This repository consists of a collection of preprocessed datasets for training models and pretrained models to generate paraphrases.

Datasets

Each dataset has a README that describes the dataset, its source and preprocessed format. The datasets are stored in the datasets directory.

Dataset Type File Name
TaPaCo Original tapaco_huggingface.csv
TaPaCo Preprocessed tapaco_paraphrases_dataset.csv

Pretrained models

List of models trained on various datasets for paraphrase generation.

Model Dataset Location
t5-small tapaco huggingface
t5-small Quora Question Pairs huggingface
t5-base tapaco huggingface

Model Training

Examples for training models on the datasets can be found in the examples directory.

T5 model usage example

Install dependencies using:

pip install transformers sentencepiece

Usage

from transformers import T5ForConditionalGeneration, T5Tokenizer

tokenizer = T5Tokenizer.from_pretrained("hetpandya/t5-small-tapaco")
model = T5ForConditionalGeneration.from_pretrained("hetpandya/t5-small-tapaco")

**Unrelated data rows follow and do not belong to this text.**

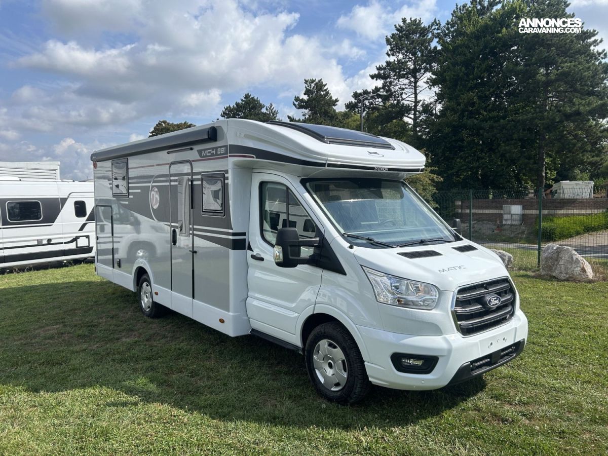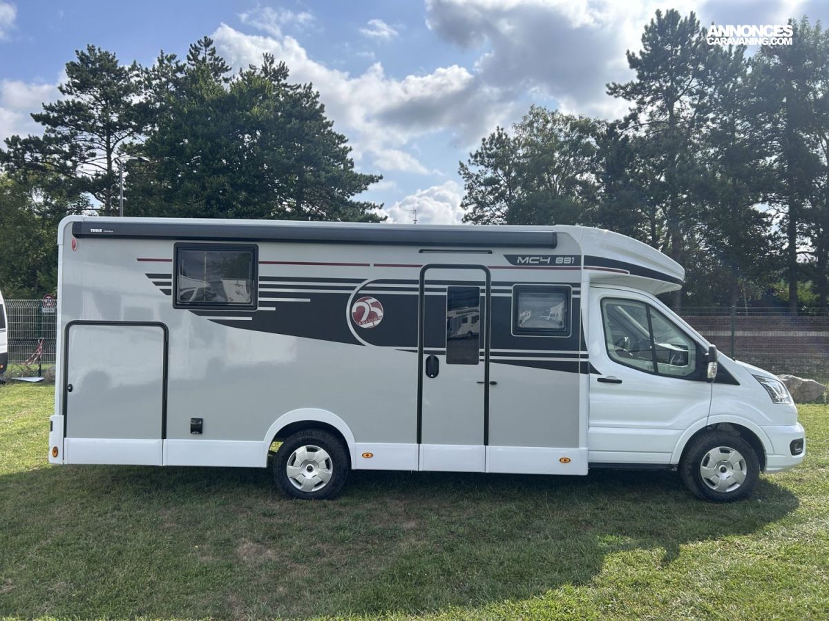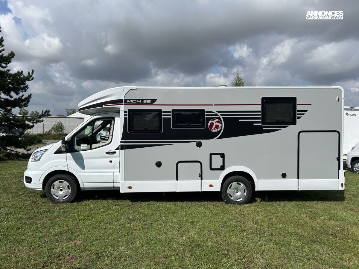 Profilé avec lit de pavillon de 7,45 mètres avec lit central à l’arrière et dînette face-à-face. Boite auto 165cv
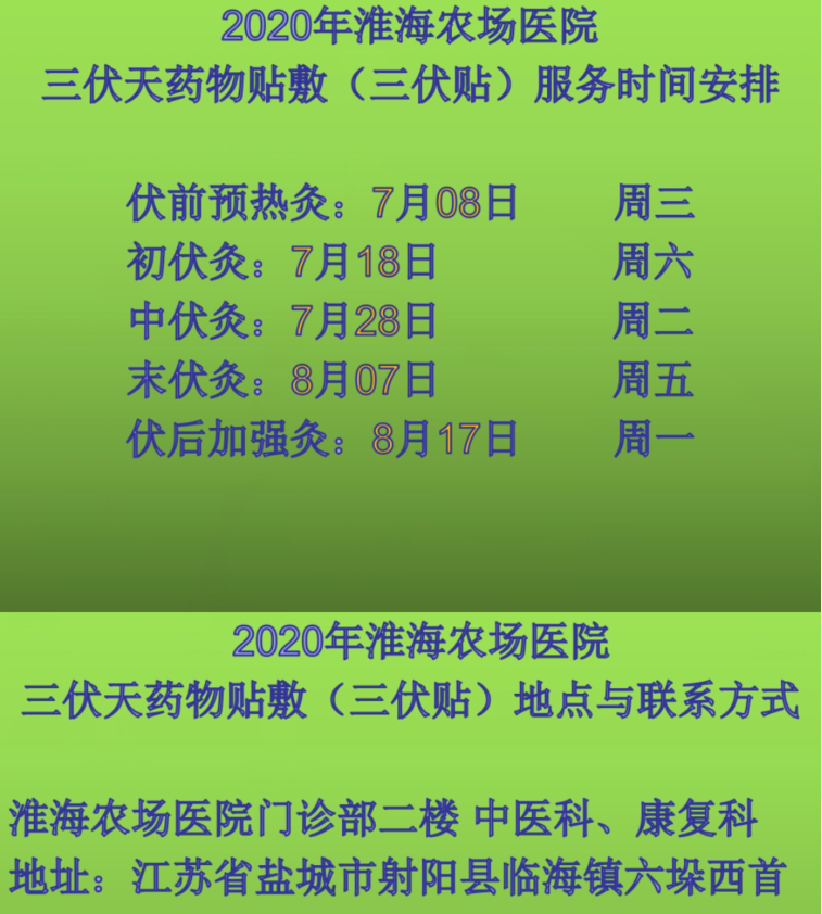 淮海農(nóng)場(chǎng)醫(yī)院對(duì)三伏天工作藥物貼敷(三伏貼)服務(wù)地點(diǎn)在農(nóng)場(chǎng)醫(yī)院門診部二樓的中醫(yī)科、康復(fù)科;時(shí)間安排如下:伏前預(yù)熱炙:7月8日周三進(jìn)行,初伏炙:7月18日周六安排;中伏炙:7月28日周二貼敷;末伏炙:在8月7日周五候診。
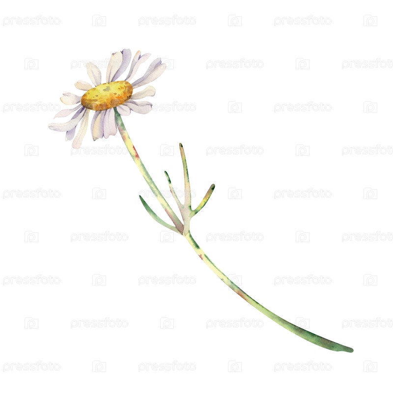 Белый цветок на длинном стебле. Акварельная иллюстрация дикого цвета на изолированном фоне. Ботанический рисунок для свадебных открыток и приглашений
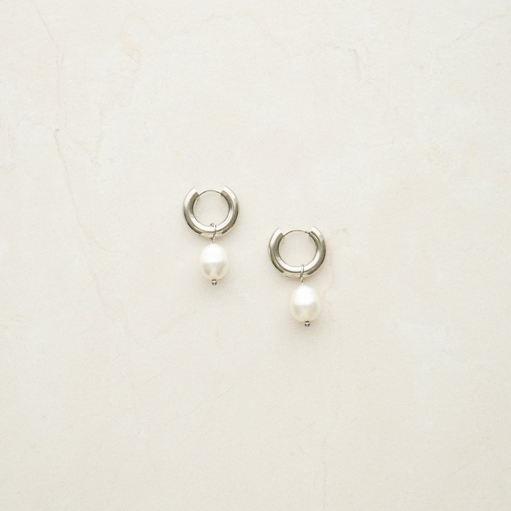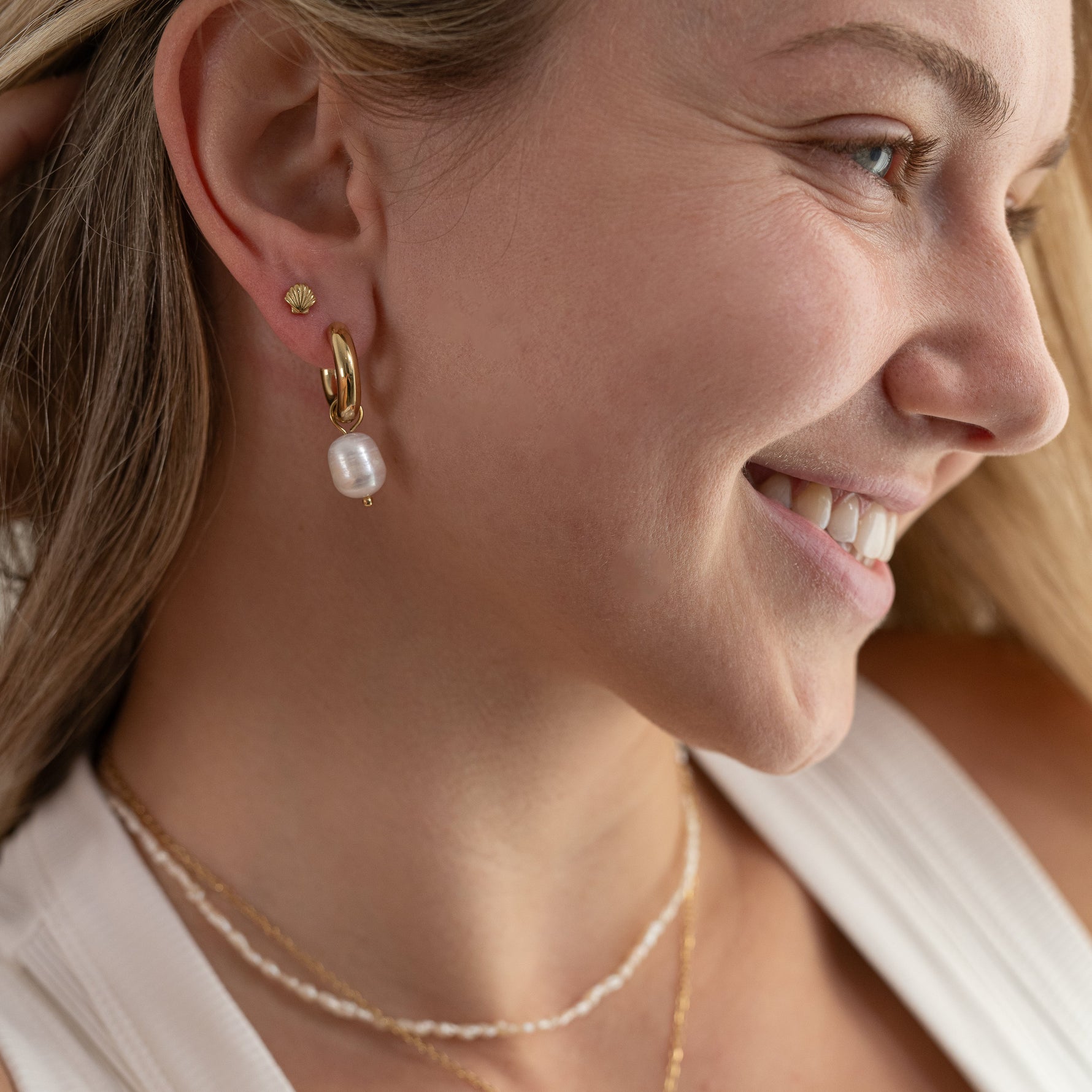 The Poppy Pearl Huggies feature a gorgeous freshwater pearl drop for a bold, sophisticated vibe.
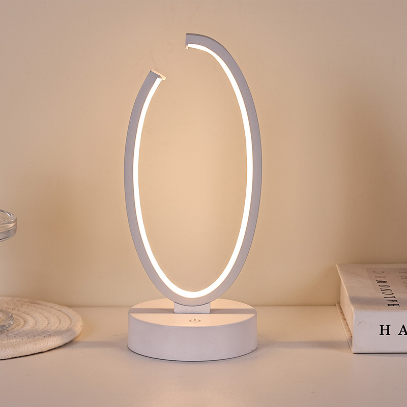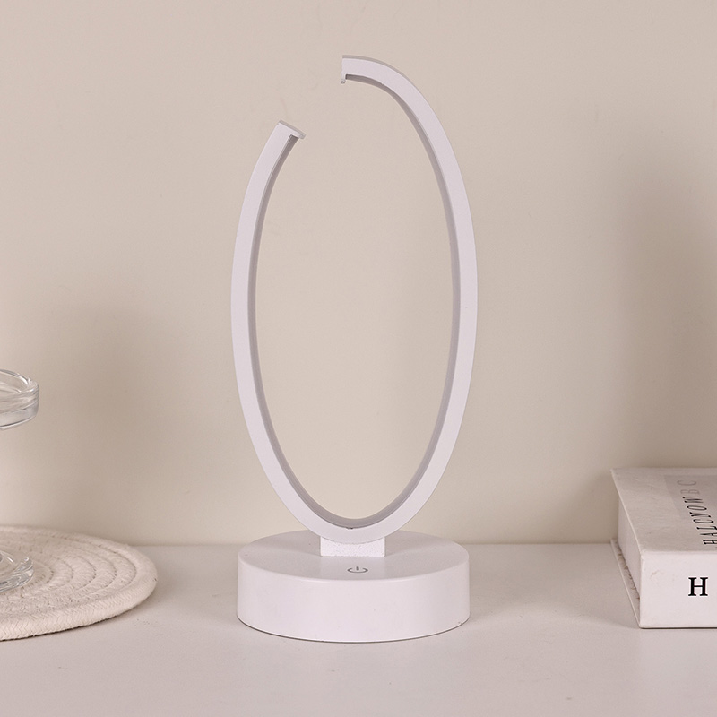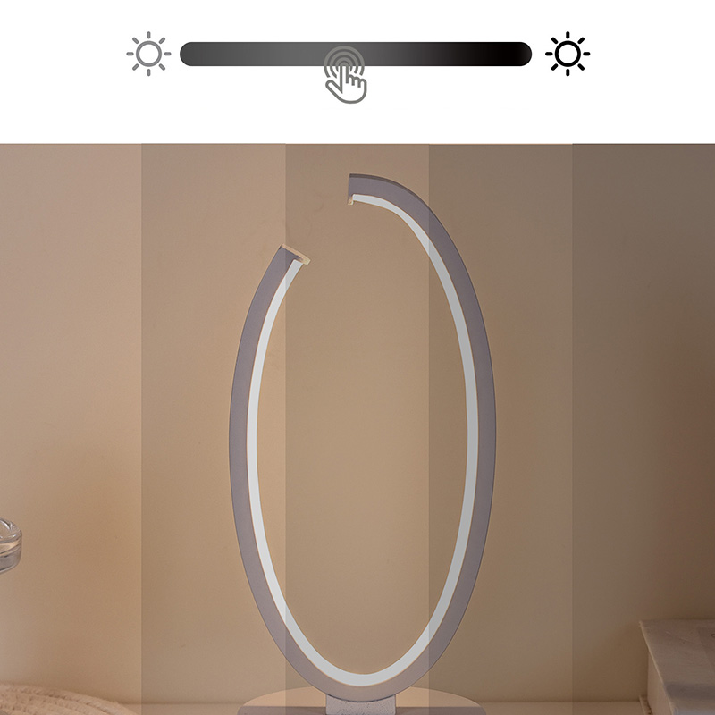Философия на дизайна: простотата среща изтънчеността Силуетът на лампата е вдъхновен от съвременния минимализъм — чисти линии, геометрични форми и чисти повърхности. Пръстенът му с овална форма излъчва меко сияние, което сякаш се носи над кръглия му
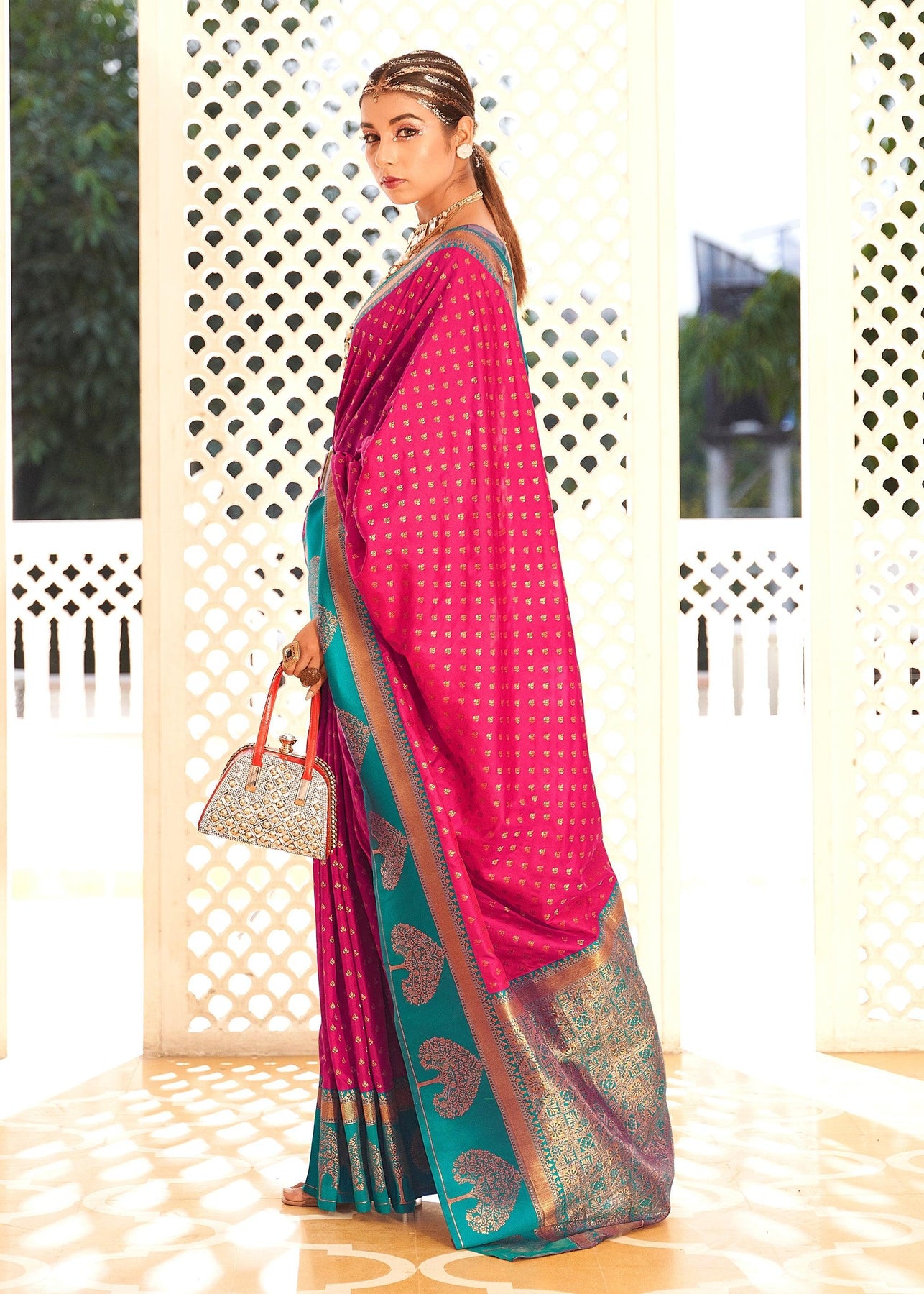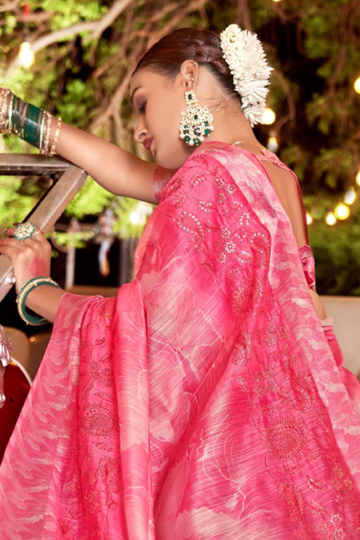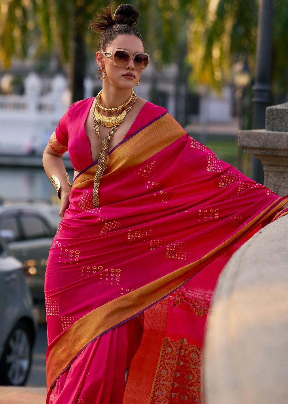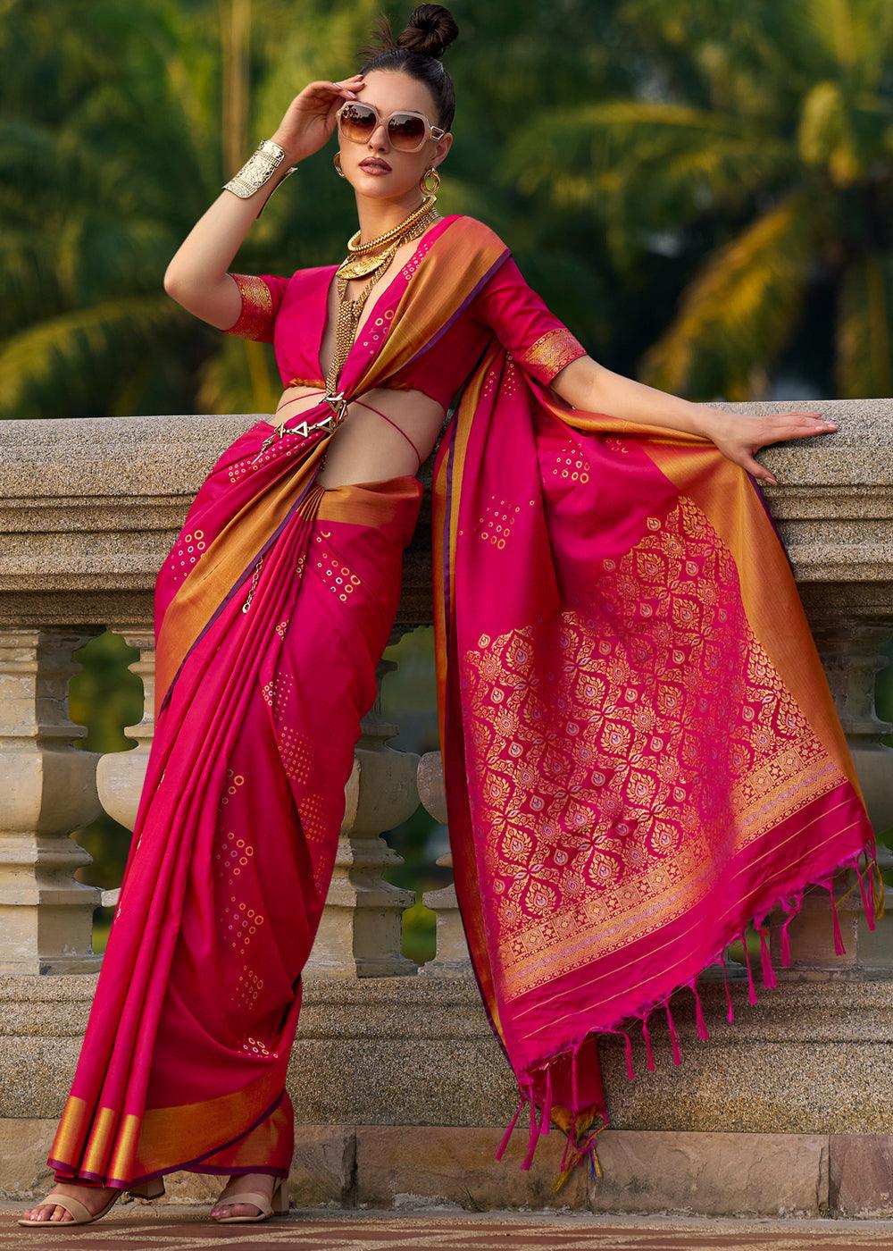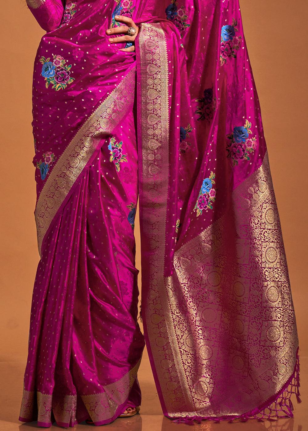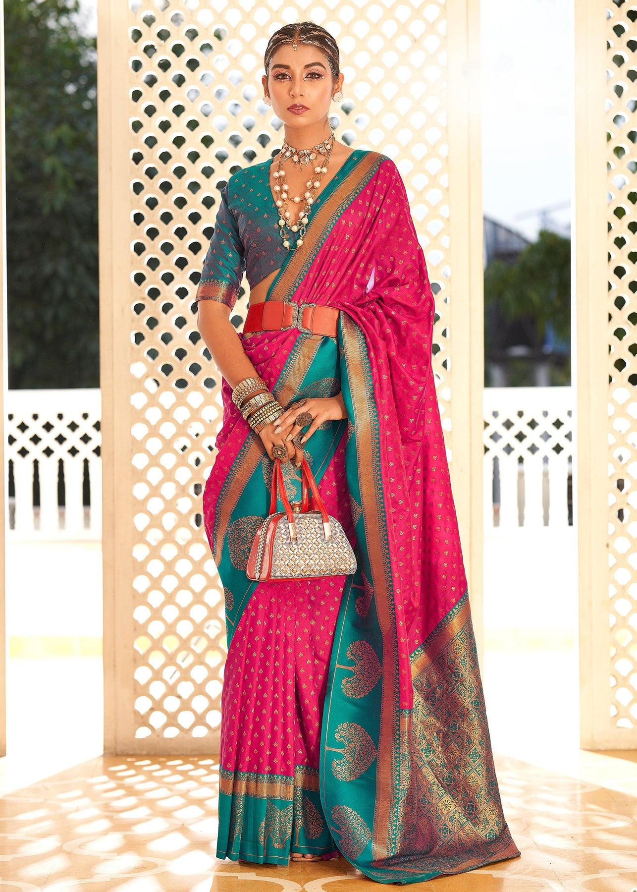 Princess Pink Woven Satin Silk Banarasi Saree With Brocade Blouse

def get_paraphrases(sentence, prefix="paraphrase: ", n_predictions=5, top_k=120, max_length=256,device="cpu"):
        text = prefix + sentence + " </s>"
        encoding = tokenizer.encode_plus(
            text, pad_to_max_length=True, return_tensors="pt"
        )
        input_ids, attention_masks = encoding["input_ids"].to(device), encoding[
            "attention_mask"
        ].to(device)

        model_output = model.generate(
            input_ids=input_ids,
            attention_mask=attention_masks,
            do_sample=True,
            max_length=max_length,
            top_k=top_k,
            top_p=0.98,
            early_stopping=True,
            num_return_sequences=n_predictions,
        )

        outputs = []
        for output in model_output:
            generated_sent = tokenizer.decode(
                output, skip_special_tokens=True, clean_up_tokenization_spaces=True
            )
            if (
                generated_sent.lower() != sentence.lower()
                and generated_sent not in outputs
            ):
                outputs.append(generated_sent)
        return outputs

paraphrases = get_paraphrases("The house will be cleaned by me every Saturday.")

for sent in paraphrases:
  print(sent)

Output

The house is cleaned every Saturday by me.
The house will be cleaned on Saturday.
I will clean the house every Saturday.
I get the house cleaned every Saturday.
I will clean this house every Saturday.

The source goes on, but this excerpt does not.